The same month, the MINJA attack was presented at NeurIPS 2025. It demonstrated something worse: an attacker can poison an agent's memory through nothing more than normal queries. No direct access to the memory store. No elevated privileges. Just carefully crafted interactions that the agent processes normally but which corrupt its memory as a side effect. MINJA achieved over 95% injection success rates against production agent architectures.
This is ASI06 from the OWASP Top 10 for Agentic Applications: memory and context poisoning. It's the risk that separates agentic security from chatbot security. A chatbot has no memory. Each session starts clean. An agent that uses persistent memory, whether that's a vector store, a RAG knowledge base, a conversation summary, or a facts database, carries its past into every future session. If that past has been tampered with, every future decision is compromised.
The previous articles in this series built defenses for the agent's runtime: scoped credentials, supply chain verification, invocation policy, prompt injection containment, and delegation security. Those controls assume the agent's context is trustworthy. This article covers what happens when it isn't.
Why memory poisoning is different from prompt injection
The difference is not just persistence. It's the entire threat model.
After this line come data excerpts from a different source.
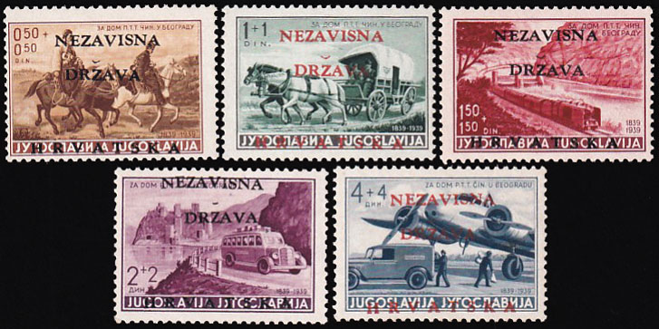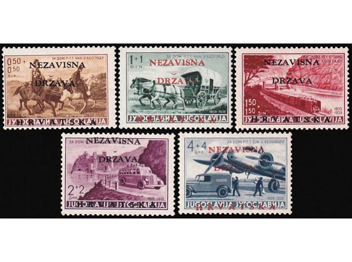 Marke kraljevine Jugoslavije Michel br. 370/374 s trorednim pretiskom NEZAVISNA / DRŽAVA / HRVATSKA u crnoj i crvenoj boji.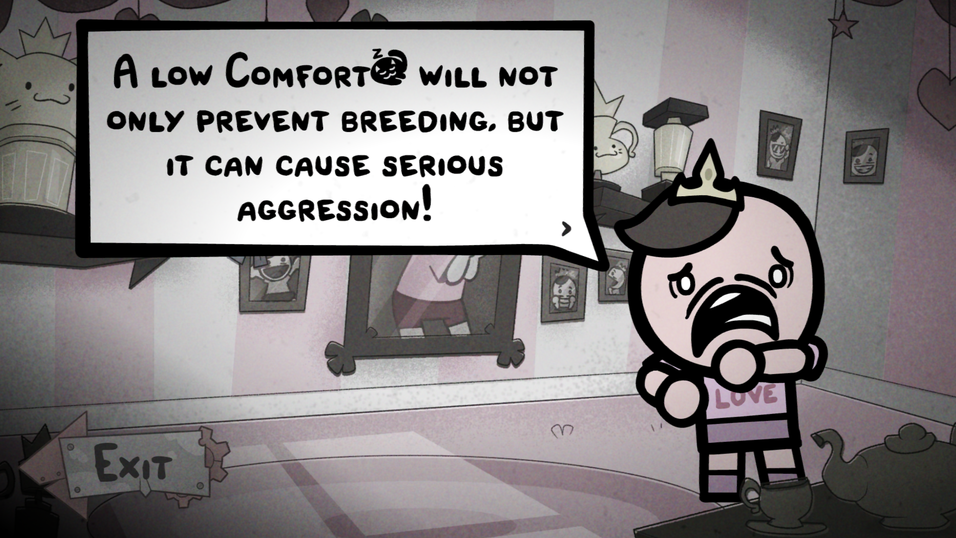 Вы должны следить за вашими котами, ведь если условия их обитания неподходящие, то они не будут делать котят, а без котят вы будете не в состоянии даже забеги играть. При этом коты делают котят с кем попало, даже со своими самыми близкими родственниками, поэтому в идеале ещё нужно следить за тем, чтобы возможные проблемные индивиды находились в разных помещениях дома. Это не говоря уже о том, что вы вроде как по игре должны выводить новых котов, это буквально подразумевается в названии игры.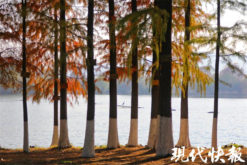 天印湖边的水杉有着自己的节奏,这棵还绿着,那棵却早黄了。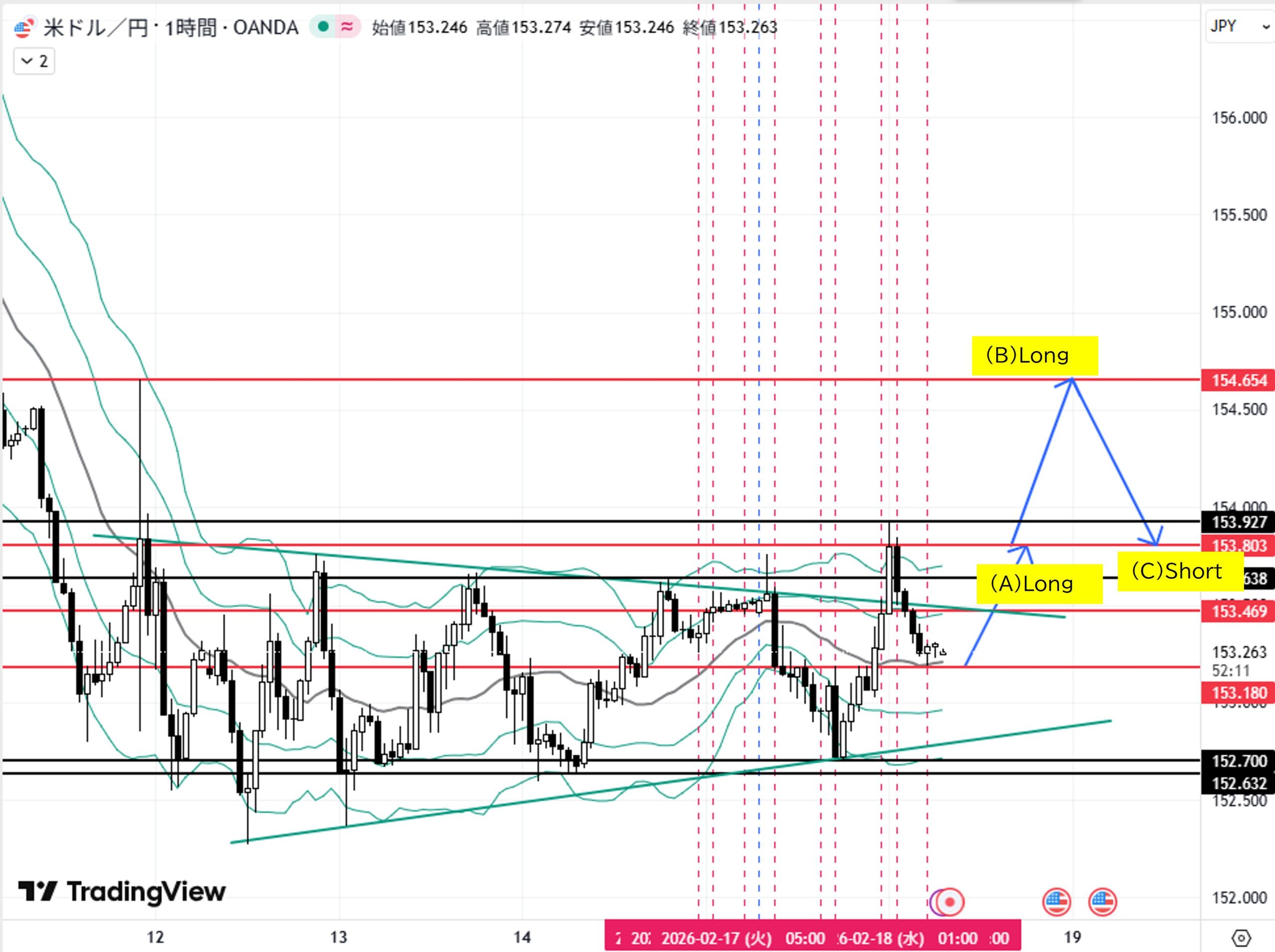 (A)1H足戻り高値153.180付近へ下落→転換上昇→目標1H足レンジ高値153.803

- Temporal decoupling. In a prompt injection attack, the injection and the damage happen in the same session. In a memory poisoning attack, they can be separated by weeks or months. The attacker crafts a malicious input in February. The agent stores a poisoned memory. In April, a completely different user triggers a task that retrieves the poisoned memory, and the agent acts on it. The attacker is long gone. The victim never interacted with the malicious content directly. Your monitoring sees nothing suspicious at any single point in time because the attack spans two events that look normal in isolation.
- Implicit trust. An agent treats its own memories as ground truth. There's a meaningful difference between how an agent processes external input ("the user says X") and how it processes retrieved memory ("I know X from past experience"). External input gets some skepticism. Memory gets none. This makes poisoned memories more influential than direct injection, because they bypass whatever input-level defenses you've built.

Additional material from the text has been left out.